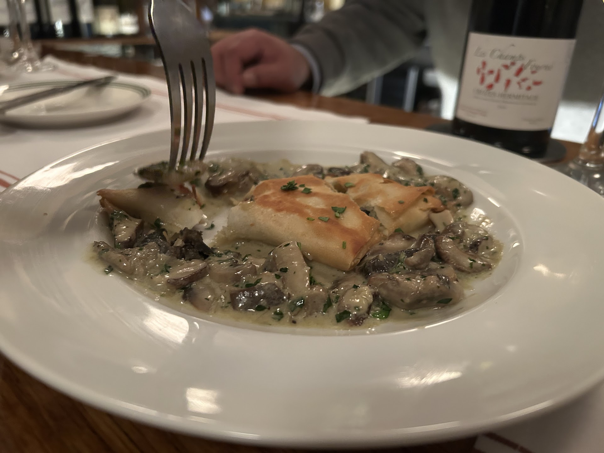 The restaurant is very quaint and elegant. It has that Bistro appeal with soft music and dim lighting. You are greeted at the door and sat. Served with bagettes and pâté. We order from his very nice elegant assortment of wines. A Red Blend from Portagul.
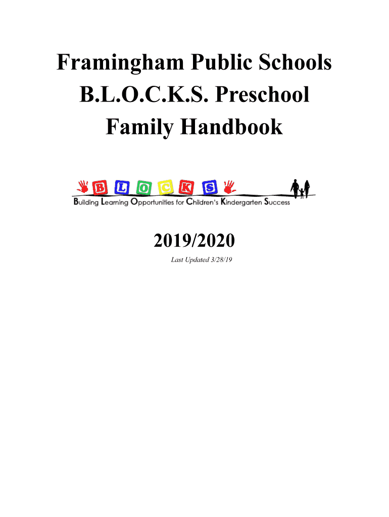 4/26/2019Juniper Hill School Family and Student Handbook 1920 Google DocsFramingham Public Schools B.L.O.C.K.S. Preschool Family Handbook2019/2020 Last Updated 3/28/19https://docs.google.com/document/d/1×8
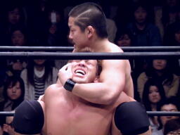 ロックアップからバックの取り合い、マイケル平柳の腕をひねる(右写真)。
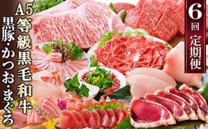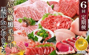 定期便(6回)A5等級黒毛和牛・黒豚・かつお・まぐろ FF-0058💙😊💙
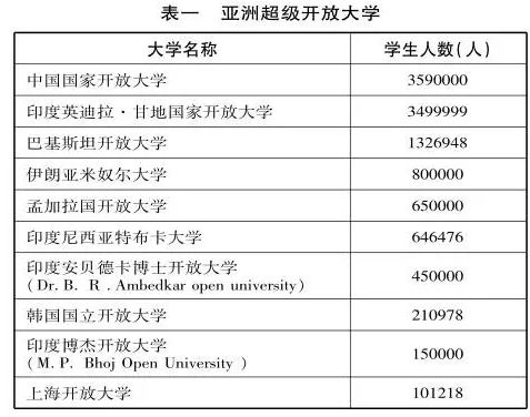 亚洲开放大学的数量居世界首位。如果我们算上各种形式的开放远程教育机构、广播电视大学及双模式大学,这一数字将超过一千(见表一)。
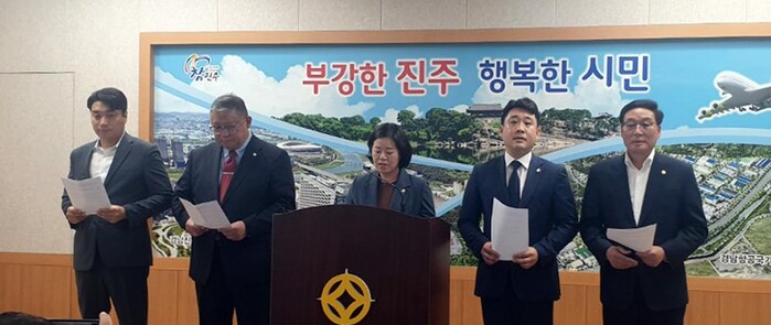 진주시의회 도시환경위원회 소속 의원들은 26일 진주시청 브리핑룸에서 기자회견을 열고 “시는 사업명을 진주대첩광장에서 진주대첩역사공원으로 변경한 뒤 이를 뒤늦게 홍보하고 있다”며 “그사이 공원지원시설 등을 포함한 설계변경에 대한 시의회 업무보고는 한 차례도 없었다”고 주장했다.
───
DESCRIPTION OF THE TASK:
Nothing but the lines from the line with "ロックアップからバックの取り合い、マイケル平柳の腕をひねる(右写真)。" through the last line of the data above should be printed, exactly as written and without pictures.

REPLY:
 ロックアップからバックの取り合い、マイケル平柳の腕をひねる(右写真)。
 定期便(6回)A5等級黒毛和牛・黒豚・かつお・まぐろ FF-0058💙😊💙
 亚洲开放大学的数量居世界首位。如果我们算上各种形式的开放远程教育机构、广播电视大学及双模式大学,这一数字将超过一千(见表一)。
 진주시의회 도시환경위원회 소속 의원들은 26일 진주시청 브리핑룸에서 기자회견을 열고 “시는 사업명을 진주대첩광장에서 진주대첩역사공원으로 변경한 뒤 이를 뒤늦게 홍보하고 있다”며 “그사이 공원지원시설 등을 포함한 설계변경에 대한 시의회 업무보고는 한 차례도 없었다”고 주장했다.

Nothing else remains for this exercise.